The idea on which they differed was on the purpose of the Second Amendment as a means to resist tyranny. “It’s fanciful to think that guns in the hands of citizens acts as a realistic check,” said Donohue. “They’re not really trained to do so. And it’s fanciful to think that the military would ever turn on U.S. citizens.” [More]"Ever" is a long time. Especially with the grid so vulnerable, the economy strained to the breaking point and foreign and domestic enemies stepping up the belligerence as their capabilities increase.
Where in history is any civilization guaranteed stasis? Has not despotism and mass destruction plagued every civilization that preceded ours? Is it not, in fact, still commonplace throughout the globe? By what suspension of reality, by what denial of the observable and the probable, by what art, device or magic are we sheltered few immune from catastrophe? Are we certain, from our brief and privileged vantage point, that such things will ever remain headline curiosities? Is it not just plain stupid to proclaim that our familiar way of life will forever be the norm, when everything that has gone before us shows we are, instead, the extremely lucky beneficiaries of a rare and fortunate convergence of circumstances; and one, by the way, that has only been preserved under force of arms?

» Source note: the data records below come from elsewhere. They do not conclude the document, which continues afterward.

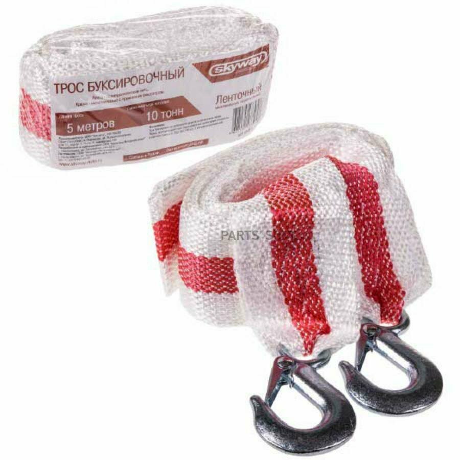 Купить SKYWAY S03101015 Трос буксировочный лента 10т 5м 2 крюка в пакете; SKYWAY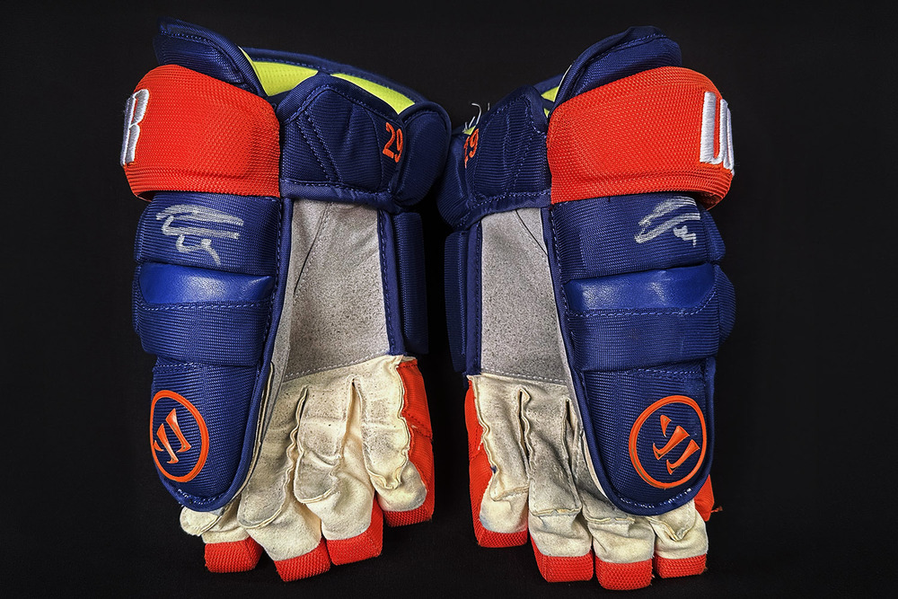 Welcome to the Edmonton Oilers Community Foundation 2025 Online Charity Auction! Show your support for the Foundation and the great charitable initiatives they undertake in Oil Country by bidding on this pair of Leon Draisaitl #29 - Edmonton Oilers game-worn hockey gloves. These Warrior Alpha Pro royal blue and orange nylon gloves were worn by Draisaitl during the second round of the 2024-25 NHL Play-offs vs the Vegas Golden Knights. They display nice use throughout, with moderate wear in the palms. Please note Draisaitl wears multiple pairs of gloves per season and two different sets at a time usually for 3 or 4 weeks and switches to another two pairs. He wore 2 different pairs during the 2nd round of the play-offs and this pair is marked "2" for pair two in permanent marker on the inside wrist padding. Both gloves have "DRAISAITL" and "29" factory-stitched on the cuffs and have been verified to be worn by Draisaitl by a member of the Oilers equipment staff. They are nicely autographed in silver marker on both gloves. They will come complete with a Letter of Authenticity from the Edmonton Oilers Hockey Club, Edmonton Oilers Authentic Inventory Hologram and Official Locker Room Equipment Program tag will be included inside the left glove.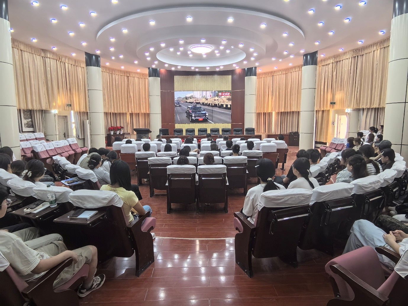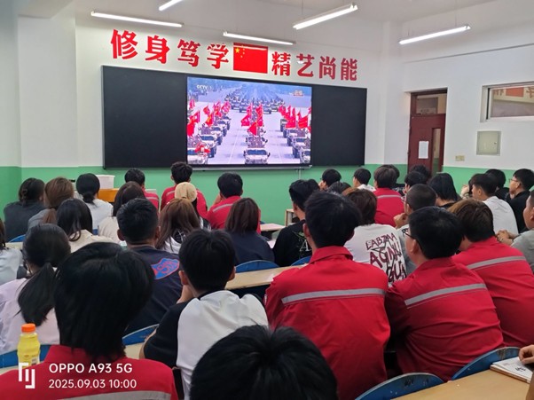 9月3日9:00,化工学院组织全体无课师生,在逸夫报告厅和教室集中观看纪念中国人民抗日战争暨世界反法西斯战争胜利80周年阅兵仪式。

Methinks the good "professor" is a dolt.
3 comments:
Donahue's ignorance of how firearms work is truly amazing in its depth. As far as the inability of civilians' ability to resist government tyranny, I would suggest he think about where are the people who trained our military members. I would further suggest he speak with many of the retired military in my area who are those trainers who still retain all of those skills. Just a little criticism of this sophomoric (wise fool) professor.

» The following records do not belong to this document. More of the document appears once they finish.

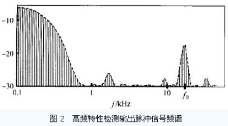 在該頻譜圖中, f 低於2 kHz 時的頻譜的形狀與原調製信號的頻譜的形狀相似Z 脈衝畸變引起的信號頻譜的變化主要表現是: 在3 kHz 到5MHz 頻段內會出現一個與駐波點位置密切相關的較大峰值.該峰值的頻率f0 除與駐波點位置有關外, 還與同軸電纜的品質、高低頻信號分離電路的特性等有關. 經大量的測試證明, 在對傳感器進行校正後, f隻與駐波點位置(即同軸電纜受力位置) 有關, 且f與駐波點和高低頻信號分離電路之間的距離d 呈非線性關係.在1m < d < 1km 時, f2= K/d2+ P ,其中K 為與同軸電纜品質相關的常數, P 為與傳感器的電路相關的常數.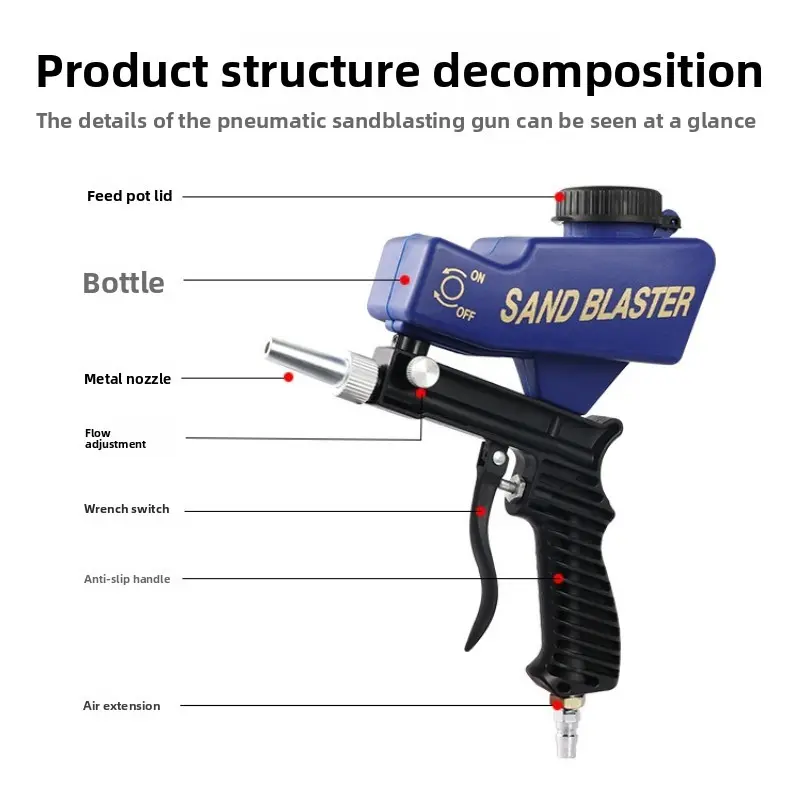 Small pneumatic sandblasting gun, portable gravity sandblaster, high-pressure tool kit, electric accessories and hardware, handheld sandblaster—portable home metal cleaning and restoration tools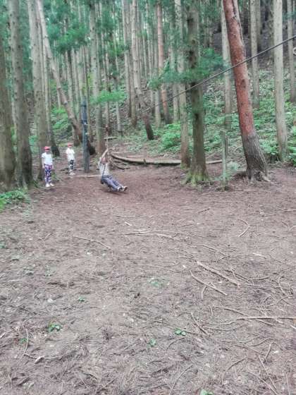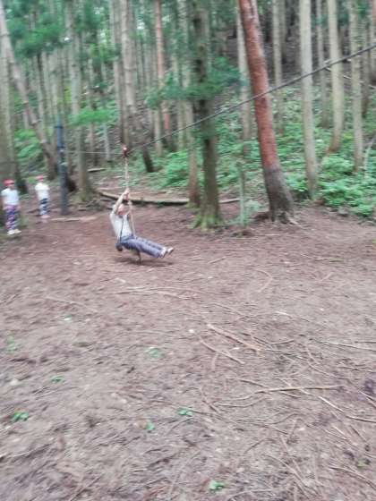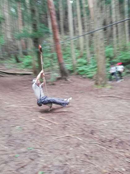 誰でしょう? なんと!?校長先生が笑顔でロープにつかまって楽しんでいます。

Yes. I would suggest the good professor look into the history of the Mujahedeen, or the Viet Cong....
"The firepower available when the Bill of Rights was written is not comparable to today’s firepower."

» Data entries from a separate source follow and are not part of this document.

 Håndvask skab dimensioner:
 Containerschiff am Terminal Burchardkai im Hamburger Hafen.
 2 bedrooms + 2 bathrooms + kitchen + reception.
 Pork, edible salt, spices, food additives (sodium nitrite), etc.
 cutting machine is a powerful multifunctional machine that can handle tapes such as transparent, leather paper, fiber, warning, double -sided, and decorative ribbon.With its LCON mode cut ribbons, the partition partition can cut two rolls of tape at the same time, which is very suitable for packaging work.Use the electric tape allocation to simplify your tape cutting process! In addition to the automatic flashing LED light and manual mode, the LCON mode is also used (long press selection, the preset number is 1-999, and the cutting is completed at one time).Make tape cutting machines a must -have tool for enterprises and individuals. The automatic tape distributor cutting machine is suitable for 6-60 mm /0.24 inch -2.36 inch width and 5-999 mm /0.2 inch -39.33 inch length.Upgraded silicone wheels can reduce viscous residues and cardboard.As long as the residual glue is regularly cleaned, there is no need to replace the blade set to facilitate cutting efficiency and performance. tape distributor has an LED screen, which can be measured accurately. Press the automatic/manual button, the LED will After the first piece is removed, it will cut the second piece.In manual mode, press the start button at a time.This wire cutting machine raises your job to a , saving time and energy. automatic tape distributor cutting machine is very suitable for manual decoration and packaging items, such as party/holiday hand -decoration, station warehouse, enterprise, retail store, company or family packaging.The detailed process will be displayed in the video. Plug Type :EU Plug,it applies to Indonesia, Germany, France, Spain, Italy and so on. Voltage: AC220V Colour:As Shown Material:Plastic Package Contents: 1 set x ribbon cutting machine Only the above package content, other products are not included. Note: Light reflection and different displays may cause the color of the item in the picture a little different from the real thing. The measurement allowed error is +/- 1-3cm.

Irrelevant point. The "arms" in the right to keep and bear arms also refers to edged weapons. A bayonet or sword is just as deadly now as they were then. A colonial-era musket ball will readily kill now as it could then. A platoon of thirty men with colonial-era single shot rifles can kill as many people without reloading as one man with a modern rifle equipped with a thirty round magazine, but then an automobile will carry more people, further and faster, in more comfort than a horse. Radio and television efficiently reach more people than a single page printing press, yet the freedom of the press is the same for these media.